Я всё-таки набираюсь смелостью и подхожу ближе, присаживаясь на корточки перед надгробием. Аккуратно кладу букет цветов на землю и неловким движением смахиваю с фотографии наглые капли. Представляю, что это не холодный камень, а настоящее лицо — скольжу по щекам пальцами, и кажется, что вот-вот губы парня растянутся в улыбке, а глаза немного зажмурятся. И ямочки появятся на щеках, такие родные и нежные.
— У меня всё хорошо, как видишь, — говорю я. — Артёмка уже такой большой… Видел бы ты его.
Обняв колени руками, я пытаюсь загнать обратно вырывающуюся из груди тоску, но чем дольше я смотрю в глаза Тёмы, тем труднее держаться.
— Мне тебя очень не хватает, — тихо говорю я.
Хочется выкопать его собственными руками, лечь рядом, и пусть меня закопают вместе с ним.

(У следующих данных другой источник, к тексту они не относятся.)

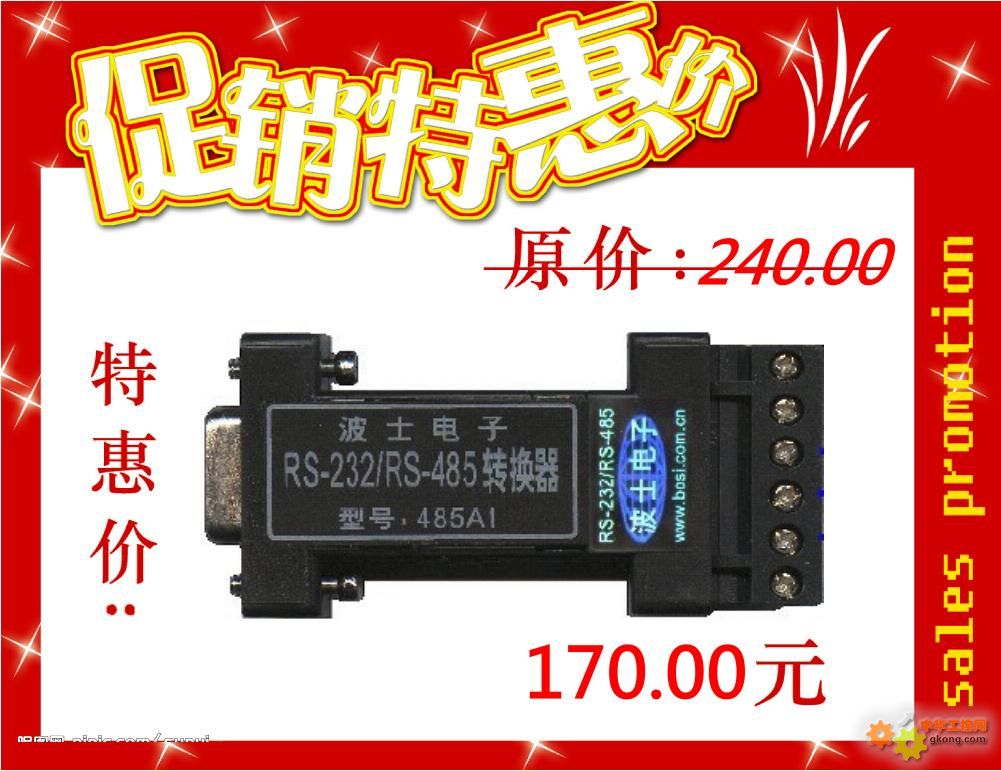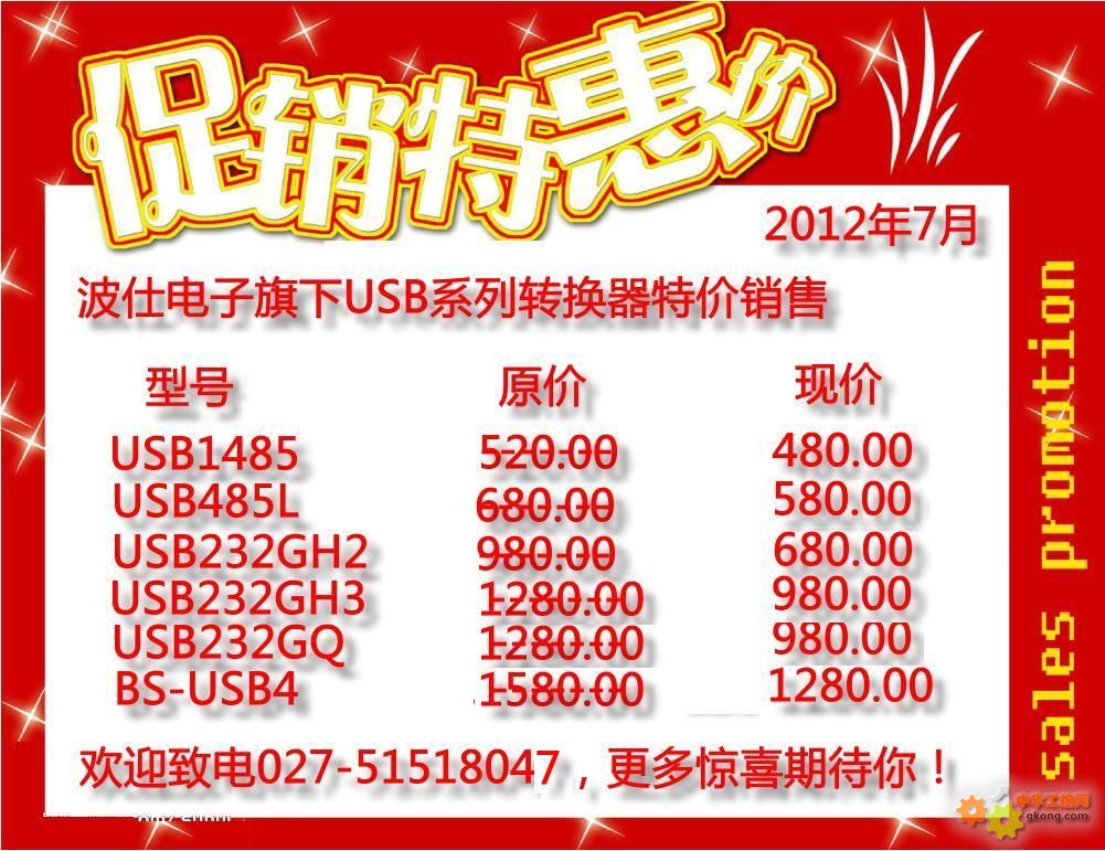 武漢波仕電子7月大優(yōu)惠,為了感謝廣大新老客戶對波士的支持、好評,波士電子優(yōu)惠酬賓活動:USB口轉換為1個RS-485(USB1485)、USB轉RS232/RS485/422轉換器(USB485L)、隔離器型USB轉232/485、422轉換器(USB232GH2). USB高速隔離型串口轉換器(USB232GH3),高速隔離USB轉全信號RS232(USB232GQ),USB一擴4集線器(BS-USB4)等產(chǎn)品,新老客戶均有優(yōu)惠,歡迎前來采購下單。

Может быть, тогда станет легче? Я так устала быть сильной, иногда хочется, чтобы всё это закончилось, но потом я думаю о сыне и понимаю, что не имею права сдаваться.
— Помнишь, ты сказал, что любишь меня, несмотря на все глупые поступки? Скажи, как ты смог простить меня? Как смог смириться с тем, что я была с твоим братом? Почему в твоих глазах не было тогда презрения? Почему ты меня не прогнал прочь? Почему? — я осекаюсь, втягивая в себя слёзы, а дальше шепчу: — Ты мог бы сейчас жить… Почему?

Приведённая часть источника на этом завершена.